The naval forces stationed at Wuhan made a statement on the afternoon of July 20 denouncing the Million Heroes' actions and Chen's involvement. Another army unit demanded that Wang and Xie be handed over, to which Unit 8201 yielded, but they were still not released as both units wanted the directive withdrawn. In response, leftist forces took the offensive, occupied part of the city and arrested the provisional revolutionary committee. The PLA Air Force, fearing civil war, took the side of Wang and Xie on July 22 and secured their release. Members of the Million Heroes discovered where Wang and Xie were hiding but Air Force commander Wu Faxian helped them escape through the woods. They returned to Beijing on 25 July, to a hero's welcome, supposedly having saved the city from "counter-revolutionary" rebellion. A film of their return, showing Jiang Qing supporting the two off the plane as Wang staggered with a visible black eye, was distributed. Jean Esmein writes that the aim of releasing the short film was "to show that the Centre was united" and "to bolster the determination of Rebels suffering in the provinces by showing them the strength of the revolution in the big cities", as it also showed "enormous" demonstrations in Beijing against Chen Zaidao and a mass meeting of the armed forces in Shanghai discussing the events.
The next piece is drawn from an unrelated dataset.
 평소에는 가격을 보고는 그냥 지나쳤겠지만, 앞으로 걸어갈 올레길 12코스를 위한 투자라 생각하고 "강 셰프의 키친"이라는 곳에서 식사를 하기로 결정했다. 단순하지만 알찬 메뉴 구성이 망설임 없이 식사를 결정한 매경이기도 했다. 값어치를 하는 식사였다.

However, in the following days the unrest in Wuhan continued with reportedly hundreds of thousands of Million Heroes supporters parading through the city in a show of strength, calling for the dismissal of Wang Li and Xie Fuzhi and the overthrow of the Cultural Revolution Group. Fighting continued and it has been estimated that about one thousand people were killed, and tens of thousands more injured, in Wuhan during the July 1967 troubles in the city. In the province as a whole, 184,000 people were seized, beaten, maimed or killed.

==Aftermath==
On July 26, Chen Zaidao was taken to Beijing's PLA-controlled Jingxi Hotel for a "show trial" and was subsequently dismissed from his post, along with his political commissar who has been named variously as Zhong Hanhua or Wang Renzhong. At the hotel, Wu Faxian and Xie Fuzhi accused Chen of a litany of crimes. Chen was also beaten by security personnel during the session. Leftists in the PLA were not satisfied with dismissals, as expressed in a People's Daily opinion piece on July 22 which called for those responsible to be "completely overthrown politically and ideologically, as well as organisationally". Mao Zedong privately disagreed, arguing that if Chen had wanted a rebellion, he would not have permitted Mao to leave. Chen was later rehabilitated.
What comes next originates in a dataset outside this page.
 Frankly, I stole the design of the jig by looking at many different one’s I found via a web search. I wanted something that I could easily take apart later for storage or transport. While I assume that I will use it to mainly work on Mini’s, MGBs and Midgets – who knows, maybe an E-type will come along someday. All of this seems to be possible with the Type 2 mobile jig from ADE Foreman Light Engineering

The State Council, Central Committee, Central Military Commission and CRG issued a five-point joint letter to the Wuhan PLA command. This was answered on July 31 with a notice published in People's Daily and a letter of self-criticism from the new political commissar Liu Feng, on behalf of the troops, published in the Xinhua News Agency bulletin Today's News 今日新闻. On August 1, the Workers' Headquarters broadcast an urgent appeal for an end to the violence.
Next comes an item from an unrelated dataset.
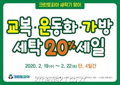 ▲ [사진=홍보포스터]세탁 전문 기업 크린토피아(대표 이범택)가 신학기를 맞아 19일(수)부터 22일(토)까지 4일간 ‘학생용품 세탁 세일’을 진행한다.

Following the incident, Jiang Qing, in a speech to Red Guard organizations in Henan province, introduced the idea of "use words to attack but use arms to defend" (文攻武卫). These remarks were taken by rebel organizations around the country as an endorsement of armed struggle, and led to the escalation of violent factional clashes across the country. The ensuing violence, some of which were directed squarely at local PLA units, led Mao and his radical supporters to dial back their support for armed rebellion, likely due to their fears of a more widespread PLA reprisal. Wang Li and others continued to call for more drastic reorganization of the army; but Wang was arrested in August 1967, accused of having abused his position, instigated violence and plotted to replace Chen Yi as Foreign Minister.